Читать книгу The Element Encyclopedia of Ghosts and Hauntings: The Complete A–Z for the Entire Magical World - Theresa Cheung, Theresa Cheung - Страница 56
BATTLEFIELD HAUNTINGS
ОглавлениеPlaces identified with violence, trauma and intense emotion are typically thought to be subject to hauntings. There are few places more violent and traumatic than battlefields, and it isn’t surprising that many battlefield locations have hauntings associated with them. It is thought that most battlefield hauntings are residual hauntings, in which fragments of the battle are imprinted upon the psychic space of a place and picked up by sensitive individuals. Other hauntings are from spirits who can’t find peace due to the violent and abrupt nature of their deaths. Those who specialize in spirit releasement try to find ways to help these confused and traumatized souls move on. Some believe retrocognition is also an element in battlefield hauntings. Re-enactors, people who recreate battle scenes in history, often report hauntings during their recreations.
In the USA there are numerous haunted battlefields from the American Civil War (1861–1865) and other violent struggles in American history. For example, Antietam and the Old Baylor’s Massacre site in River Vale, New Jersey, where members of the local militia (known as Baylor’s Dragoons) were brutally slaughtered by German Hessians in 1778, abound with reports of hauntings and strange happenings. In the UK both medieval warrior phantoms and ghostly soldiers from the English Civil War have been reported, and numerous battlefields from the world wars have ghost stories linked to them.

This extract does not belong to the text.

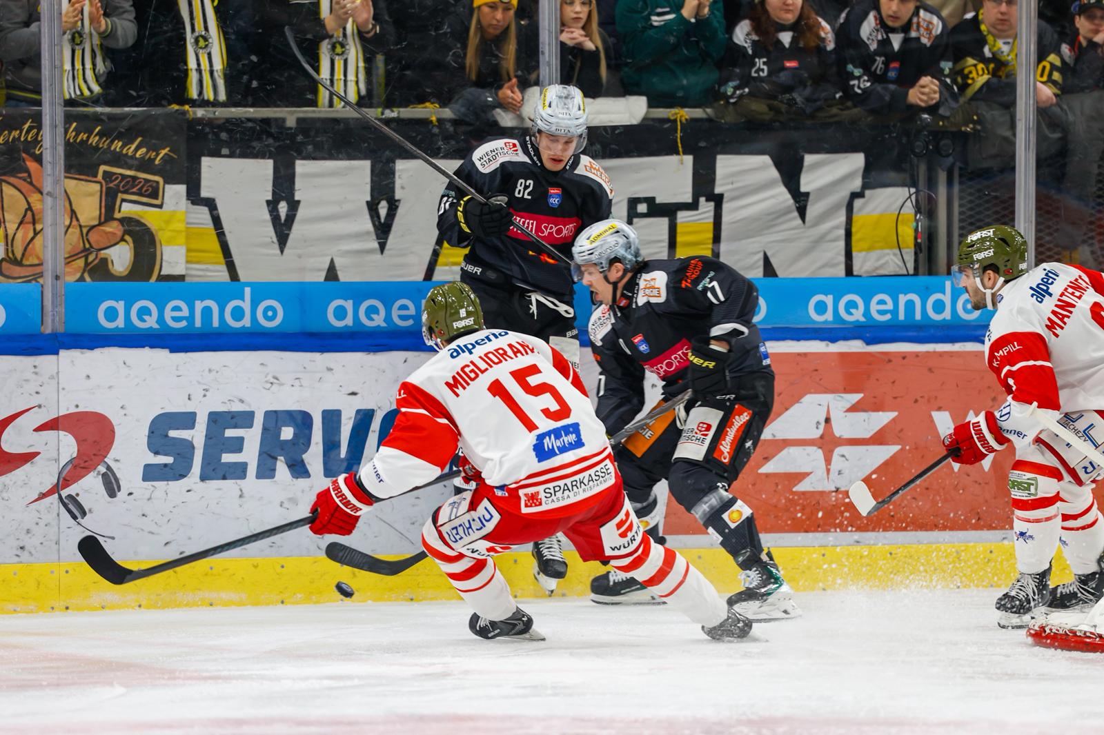 Einen großen Schritt in Richtung Pre-Playoffs machten die Vienna Capitals im Duell gegen den HCB Südtirol. Vor heimischer Kulisse setzten sich die Wiener gegen die Füchse mit 3:0 durch. Der Abstand auf Rang 11 beträgt nun sechs Zähler.

One of the most well-known cases in World War I actually occurred in the midst of the conflict itself. The so-called Angels of Mons were thought to have saved retreating French and British soldiers during the battle of Mons, Belgium. According to reports of survivors, the retreating soldiers saw phantom figures on horseback preventing the Germans from slaughtering them all, but sceptics argue that they may have had visions due to intense stress, fear and pain. In World War II, one-seventh of Britain’s casualties came from losses due to bombing raids, and not surprisingly countless hauntings and phantom sounds of aeroplanes and sirens have been reported where bomber pilots made their runs.
Paranormal investigators who believe that hauntings can be caused by the consciousness of the living often use battlefield hauntings to support their case. They argue that the anguish war causes imprints itself on a nation’s collective memory, and that phantoms are a way of keeping the memory of such a tragic and vast loss of life alive.